Here are these conditions:
Theorem 1. A vector $h \in \mathbb{R}^{M}$ is the vector of support function measurements of some convex body if an only if
$$ C h \geq 0 $$
The value $h_{i - 1} \sin(\theta_{i + 1} - \theta_{i}) - h_{i} \sin(\theta_{i + 1} - \theta_{i - 1}) + h_{i + 1} \sin(\theta_{i} - \theta_{i - 1})$ is the value of $i$-th descrete radius of curvature. If all these values are positive, then the measurements are consistent.
The vectors
$$ v_{1} = (1, \cos(\theta_{1}), \ldots, \cos(\theta_{M - 1}))^{T} $$
$$ v_{2} = (0, \sin(\theta_{1}), \ldots, \sin(\theta_{M - 1}))^{T} $$
are just vectors of support function values of convex bodies consisting only from one point: $(1, 0)$ for $v_{1}$ and $(0, 1)$ for $v_{2}$.
Adding these vectors and their combinations to other support function measurements does not change descrete radio of curvature and correspond to translation of the convex body in $\mathbb{R}^{n}$.
If no further constraints are imposed on the $\theta_k$, there seems to be no simple form for the eigenvalues( other than $0$, which has multiplicity $\geq 2$ as explained in the OP). Indeed, I show an example below where the nonzero eigenvalues are not expressible by radicals.
Let $M=7$, and choose the following values for the $\theta_k$ (note that they are between $\frac{\pi}{4}$ and $\frac{\pi}{2}$).

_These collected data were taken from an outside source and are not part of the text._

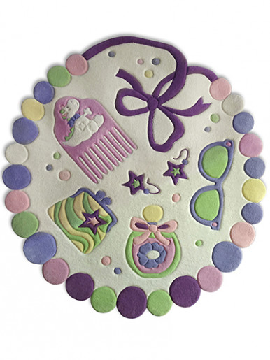 Beaded Girls Rug The Beaded Girls rug is crafted in the shape of a slightly flattened circle with the perimeter adorned with the depiction of the most essential accessories for young fashionistas - beads.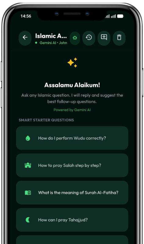An AI powered assistant designed to help you explore Islamic knowledge from prayer guidance to Quran explanations in a clear and accessible way.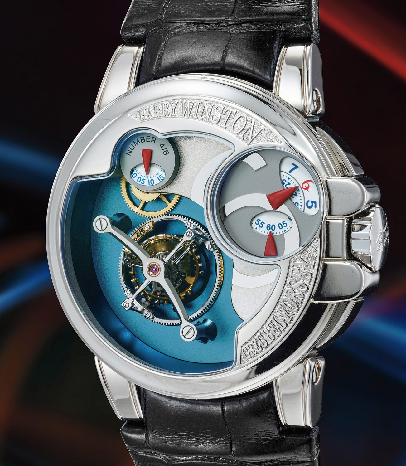 海瑞溫斯頓及Greubel Forsey,精細,白金30°雙陀飛輪腕錶,限量發行6枚,編號第4號。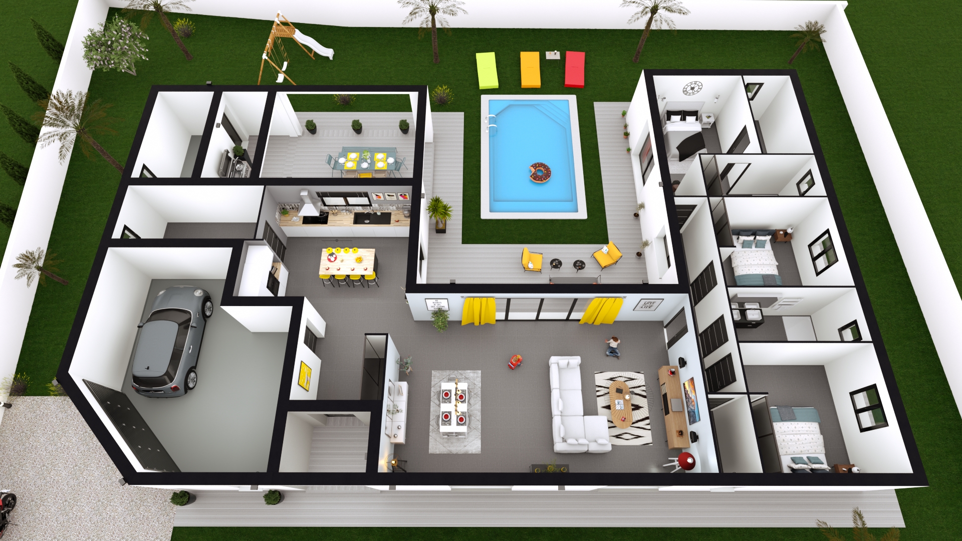 Ce plan met en évidence une conception moderne et fonctionnelle, qui favorise la vie en plein air et les espaces de vie ouverts, tout en garantissant l’intimité des espaces de nuit.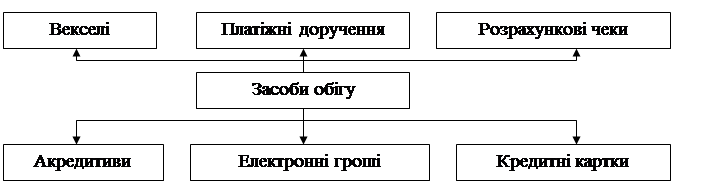 Рух безготівкових грошей здійснюється за допомогою певних кредитних засобів обігу й платежу. Це векселі, платіжні доручення (інкасо) при акцептній формі розрахунків та банківські перекази, розрахункові чеки різних видів (звичайні, акцептовані, з лімітованих або нелімітованих книжок), акредитиви, кредитні картки, електронні гроші. На чековий оборот у розвинутих країнах світу припадає майже 90% депозитного обігу. Див. схему 56.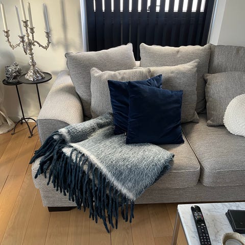 Sættet er brugt, men stadig rigtig pænt. Der er et par små trådudtrækshuller (se billeder) og en lille plet på den hvide side af den ene pude (kan sandsynligvis gå af i vask, jeg har ikke nået at forsøge.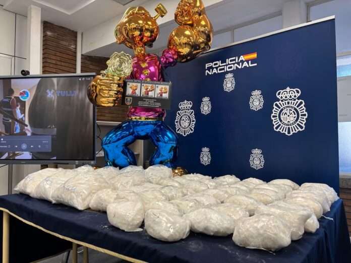 Durante la investigacion, las autoridades localizaron 40 kilogramos de metanfetamina ocultos en una estatua con la figura de Popeye, cuyo destino final era Tenerife, isla ubicada en el Oceano Atlantico. El metodo de ocultamiento fue identificado como parte de la operacion logistica de la red criminal.
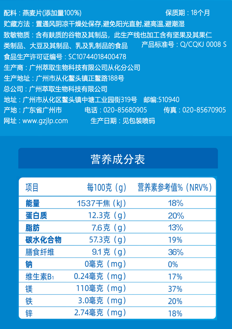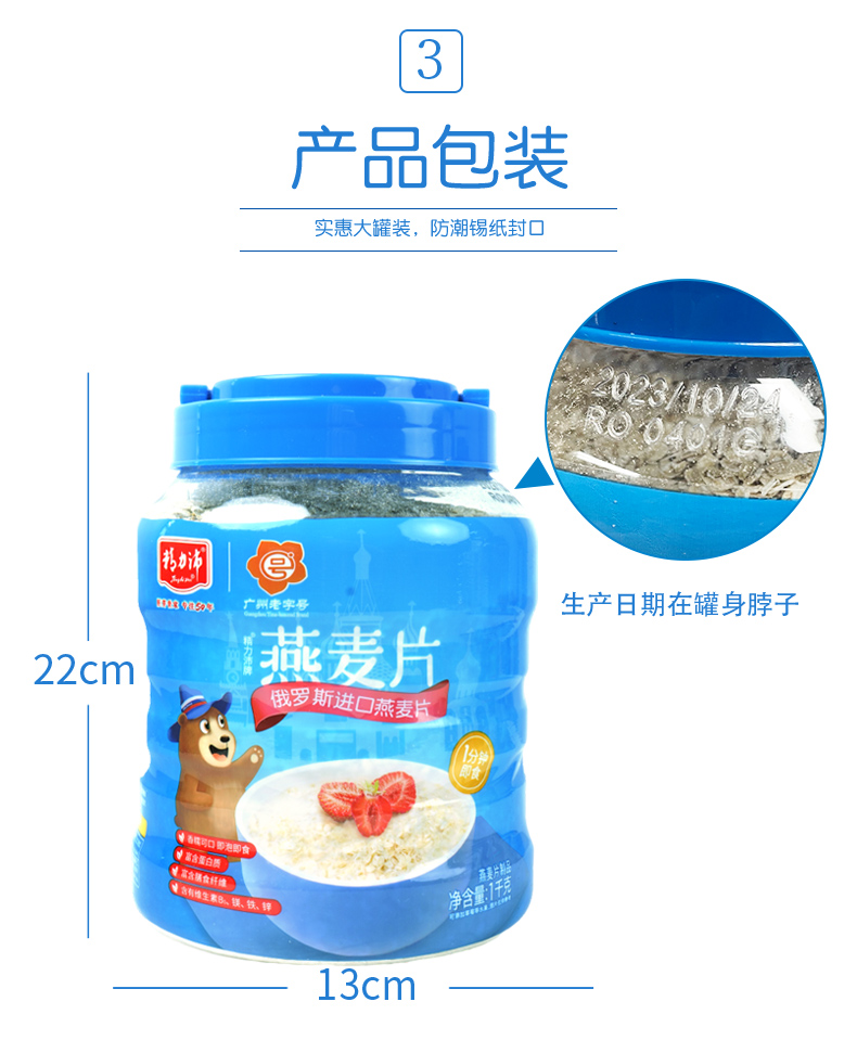 【广州帮扶】精力沛丨燕麦片(俄罗斯进口燕麦片)1kg/罐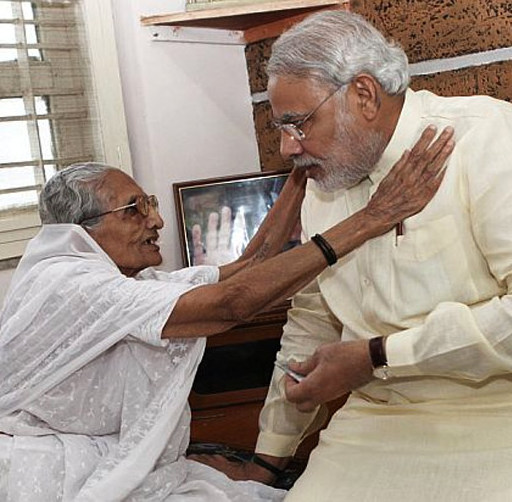 He comes from a poor low caste (Other Backward Caste or OBC), which could be an electoral asset if he can moderate his style. As a boy, he worked on a tea stall at a railway terminus in Gujarat till he became a political activist in the Rashtriya Swayamsevak Sangh (RSS) or National Association of Volunteers, the BJP’s hard-line parent organisation that was behind his anointing yesterday. That is a dramatically different social background from the patrician Gandhi dynasty. (Modi, right, with his mother)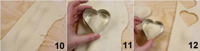 Cover the mounds with dough (folding it like a book) 10 and with the heart-shaped cutter cut out the shapes (11-12). Proceed this way, kneading the scraps each time until the ingredients are used up. Once all the shapes are obtained, take two plates: in one you will put the breadcrumbs and in the other the beaten egg.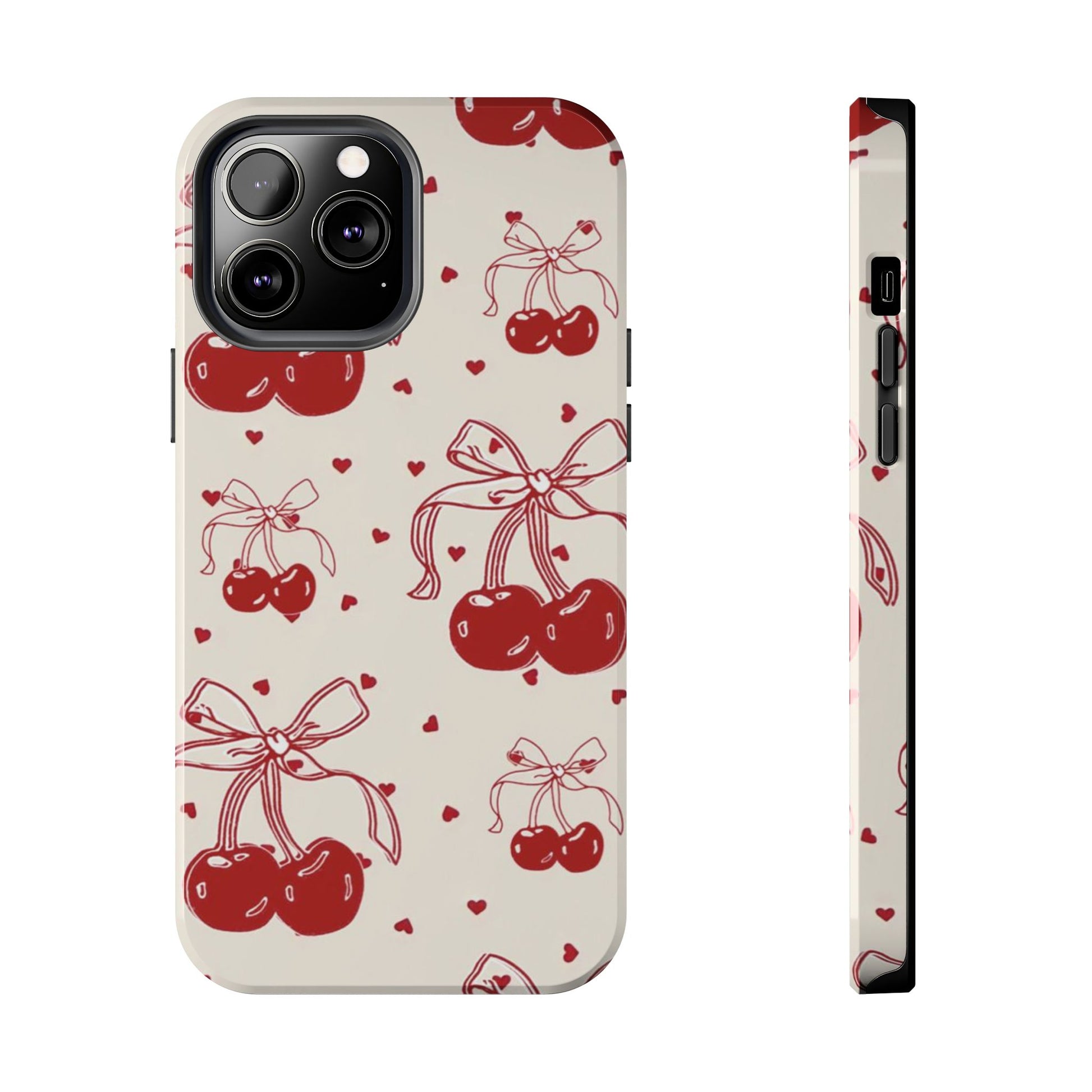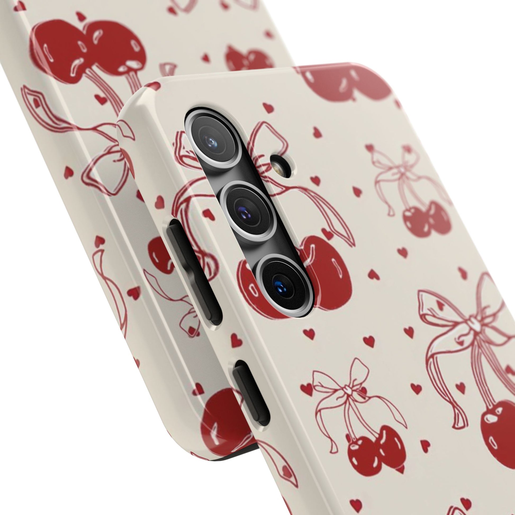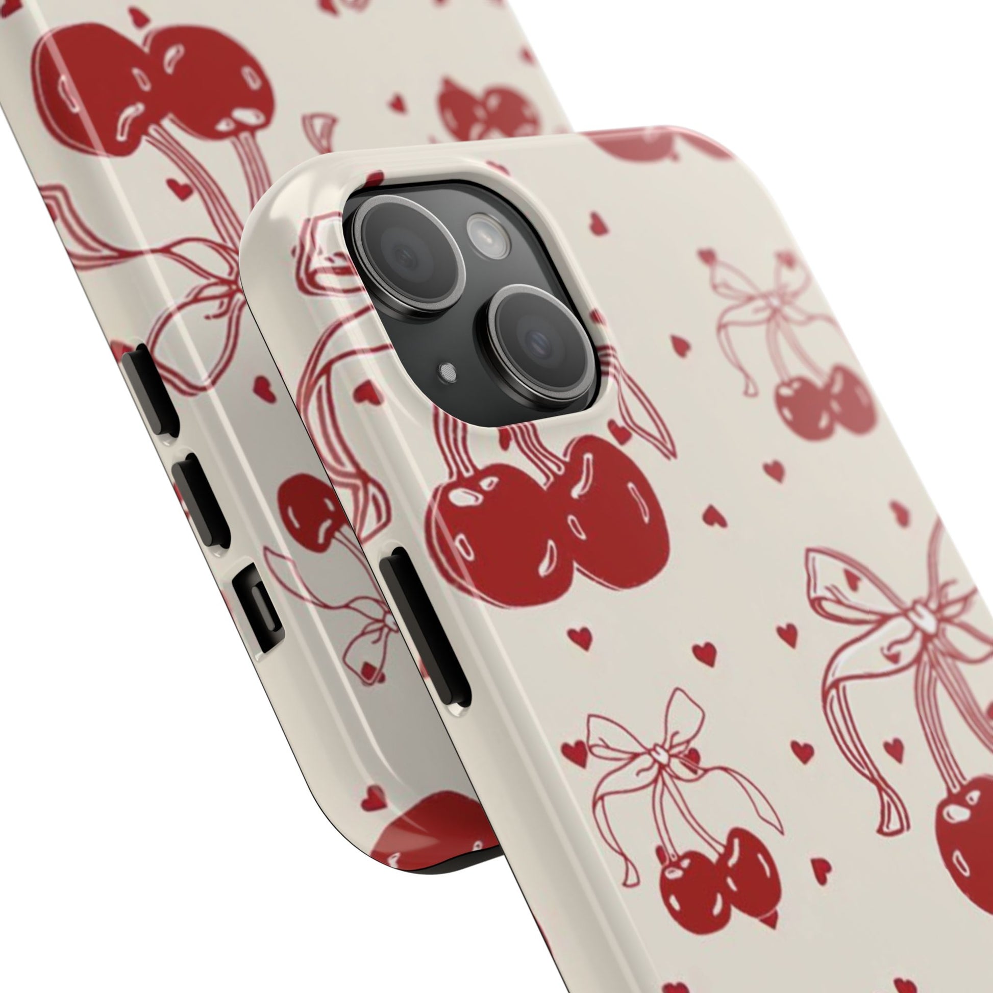 Red Cherry Pattern Fashion Aesthetic Glossy Phone Case

$$ \begin{array}{|c|c|c|c|c|c|c|c|} \hline k & 1 & 2 & 3 & 4 & 5 & 6 & 7 \\ \hline \cos(\theta_k) & \frac{20}{29} & \frac{65}{97} & \frac{48}{73} & \frac{3}{5} & \frac{28}{53} & \frac{33}{65} & \frac{8}{17} \\ \hline \sin(\theta_k) & \frac{21}{29} & \frac{72}{97} & \frac{55}{73} & \frac{4}{5} & \frac{45}{53} & \frac{56}{65} & \frac{15}{17} \\ \hline \end{array} $$
Then we have
$$ C=\left(\begin{array}{ccccccc} \frac{-399}{1649} & \frac{132}{493} & 0 & 0 & 0 & 0 & \frac{75}{2813} \\ \frac{-119}{7081} & \frac{92}{2117} & \frac{-75}{2813} & 0 & 0 & 0 & 0 \\ 0 & \frac{-27}{365} & \frac{44}{485} & \frac{-119}{7081} & 0 & 0 & 0 \\ 0 & 0 & \frac{-23}{265} & \frac{620}{3869} & \frac{-27}{365} & 0 & 0 \\ 0 & 0 & 0 & \frac{-83}{3445} & \frac{36}{325} & \frac{-23}{265} & 0 \\ 0 & 0 & 0 & 0 & \frac{-47}{1105} & \frac{60}{901} & \frac{-83}{3445} \\ \frac{-47}{1105} & 0 & 0 & 0 & 0 & \frac{132}{493} & \frac{-427}{1885} \\ \end{array}\right) $$
The characteristic polynomial of $C$ is $\chi_C=X^2P$, where $$ P=x^5 - \frac{198395974}{60131320925}x^4 - \frac{58043714683396506772}{723155151237068571125}x^3 + \frac{12655356459504058576}{3615775756185342855625}x^2 + \frac{1065764359163841911}{723155151237068571125}x - \frac{186332188794386}{1701541532322514285} $$
And PARI-GP tells us that this polynomial is irreducible and has Galois group ${\mathfrak S}_5$, which is not solvable. So the roots of $P$ are not expressible by radicals.